SUPPLIED DATA:
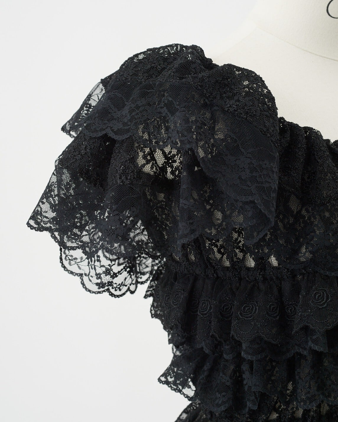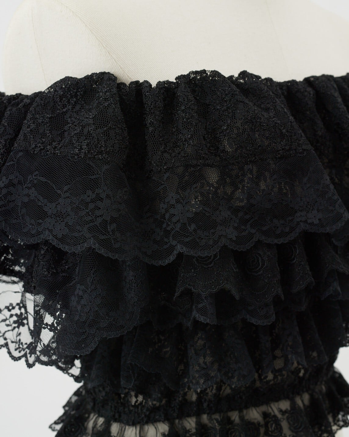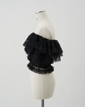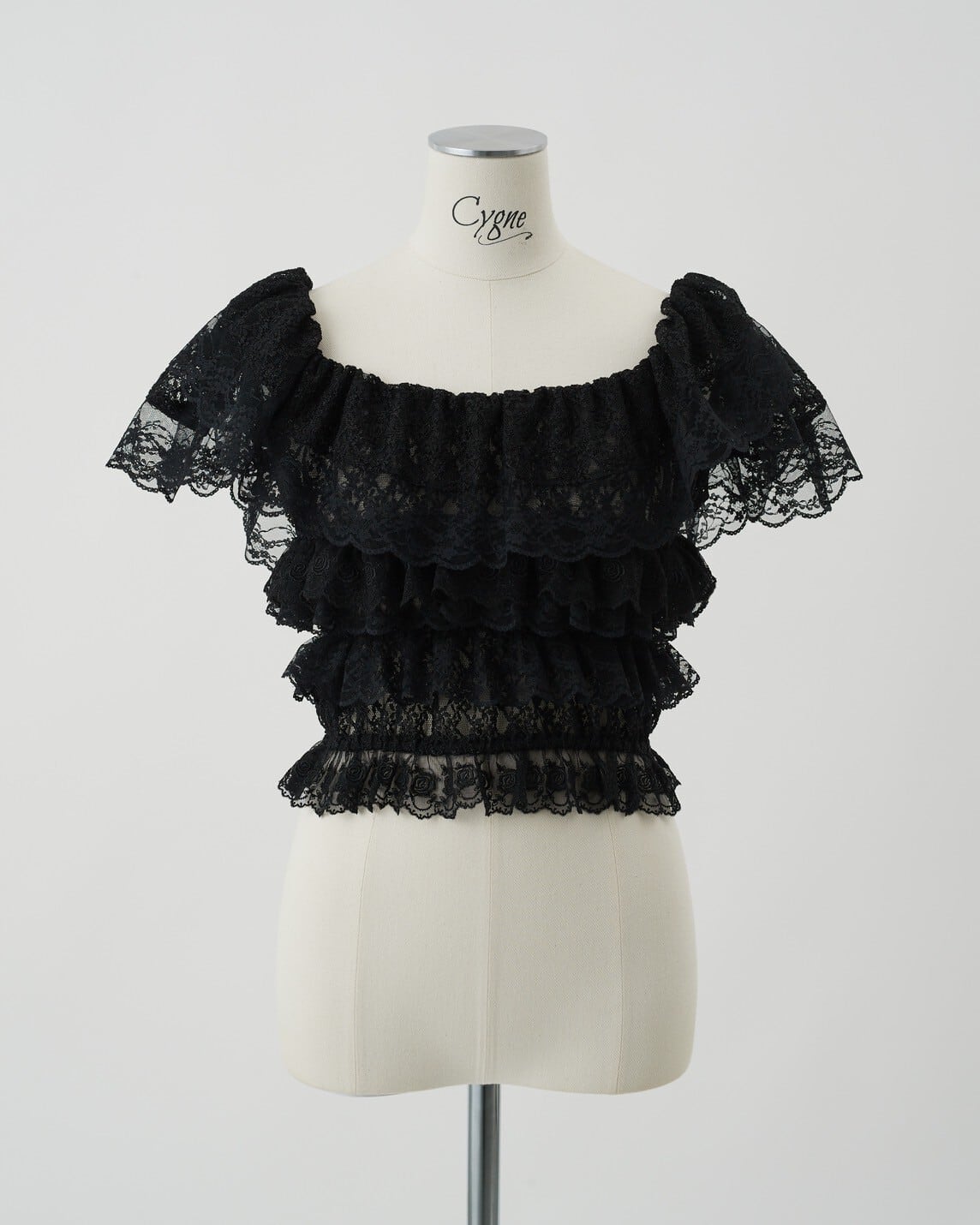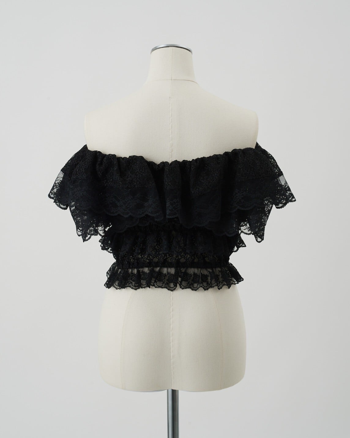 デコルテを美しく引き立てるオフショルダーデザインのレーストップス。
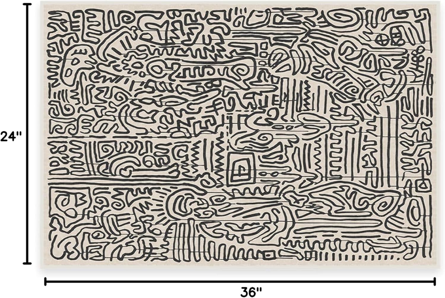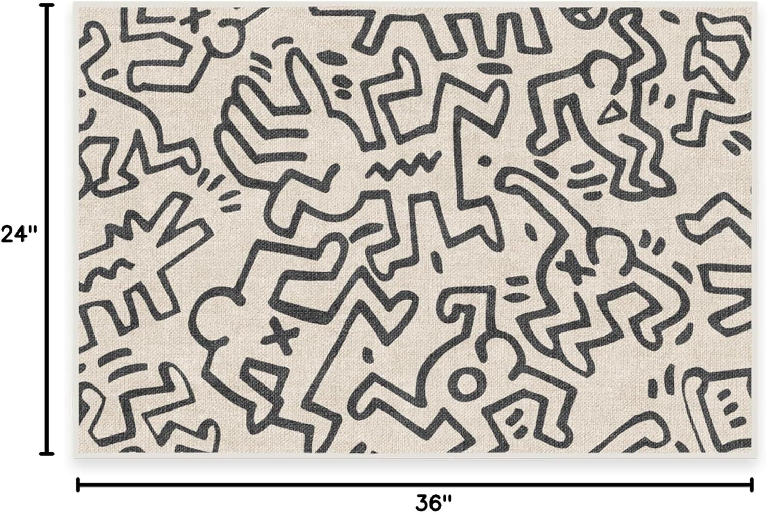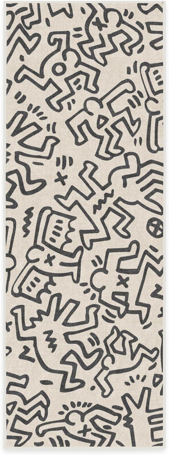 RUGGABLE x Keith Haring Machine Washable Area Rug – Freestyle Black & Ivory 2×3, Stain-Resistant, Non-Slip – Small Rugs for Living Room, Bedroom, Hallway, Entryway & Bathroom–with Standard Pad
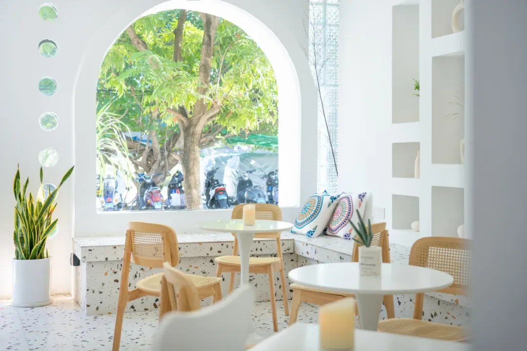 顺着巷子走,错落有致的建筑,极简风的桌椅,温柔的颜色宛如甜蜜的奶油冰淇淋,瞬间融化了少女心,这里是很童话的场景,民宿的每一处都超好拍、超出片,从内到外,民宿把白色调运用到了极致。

WHAT IS BEING ASKED:
Could you transcribe exactly the lines running from the one with "RUGGABLE x Keith" to the final line of the material above, both included, with no pictures?

EXERCISE ANSWER:
 RUGGABLE x Keith Haring Machine Washable Area Rug – Freestyle Black & Ivory 2×3, Stain-Resistant, Non-Slip – Small Rugs for Living Room, Bedroom, Hallway, Entryway & Bathroom–with Standard Pad
 顺着巷子走,错落有致的建筑,极简风的桌椅,温柔的颜色宛如甜蜜的奶油冰淇淋,瞬间融化了少女心,这里是很童话的场景,民宿的每一处都超好拍、超出片,从内到外,民宿把白色调运用到了极致。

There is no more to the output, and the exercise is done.